Readable PDO mapping: https://github.com/ipa320/canopen_test_utils/blob/indigo-devel/scripts/schunk_mapping.py

Readable candumps: https://gist.github.com/ipa-mdl/fa95d202dd67eca9a4d32a446109eda1

@SCHUNK-Osswald: please note we use as velocity scaling of 1/250 deg/s to fit into the 16 bit command

SCHUNK-Osswald commented 7 years ago

Just a quick query: I got 2 separate log files from Frank Friedrichs: arm_right_quick_stop and arm_right_quick_stop2

Whats the difference / story / symptomatic behind? Is one file the "ok-case" and the other the "failure" case?

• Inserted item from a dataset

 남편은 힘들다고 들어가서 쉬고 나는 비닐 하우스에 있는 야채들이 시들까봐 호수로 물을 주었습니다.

floweisshardt commented 7 years ago

I just saw that I get the following error while beeing connected through USB to the PRL in the MTS Software:

Modul 10 wird initalisiert
Modul 10 antwortet GET_CONFIG -> Modulinformation
    -> Modultyp: PRL+ 100
    -> Bestellnummer: 306922
    -> Software Version: 0.63
    -> Protokoll Version: 3
    -> Platine Version: 6.11
    -> 2013-07-04 09:53:54 PTAo
Modul 10 antwortet GET_CONFIG -> Konfiguration: Falsche Daten CRC!

Is this ok or might that be a hint for the error?

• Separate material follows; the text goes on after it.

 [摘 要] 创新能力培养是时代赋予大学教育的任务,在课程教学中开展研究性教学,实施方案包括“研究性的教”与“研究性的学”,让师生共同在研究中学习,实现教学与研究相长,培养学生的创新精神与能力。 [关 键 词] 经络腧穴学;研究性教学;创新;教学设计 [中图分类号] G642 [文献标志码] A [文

floweisshardt commented 7 years ago

@SCHUNK-Osswald: the two files are related to the output shown in the original post of this ticket (links to gist). In both cases it was not possible to move the modules.

mathias-luedtke commented 7 years ago

@SCHUNK-Osswald: just different tries, the SDO error are just consequential, the major problem is:

(1473066397.980450)  can2  3B5   [8]  61 CD FE FF 00 00 00 00 # actual positon and velocity
(1473066397.981448)  can2  1B5   [3]  61 CD FE # status word and operation mode

SCHUNK-Osswald commented 7 years ago

OK, thx - I will eventually have to read this longish thread then ;-)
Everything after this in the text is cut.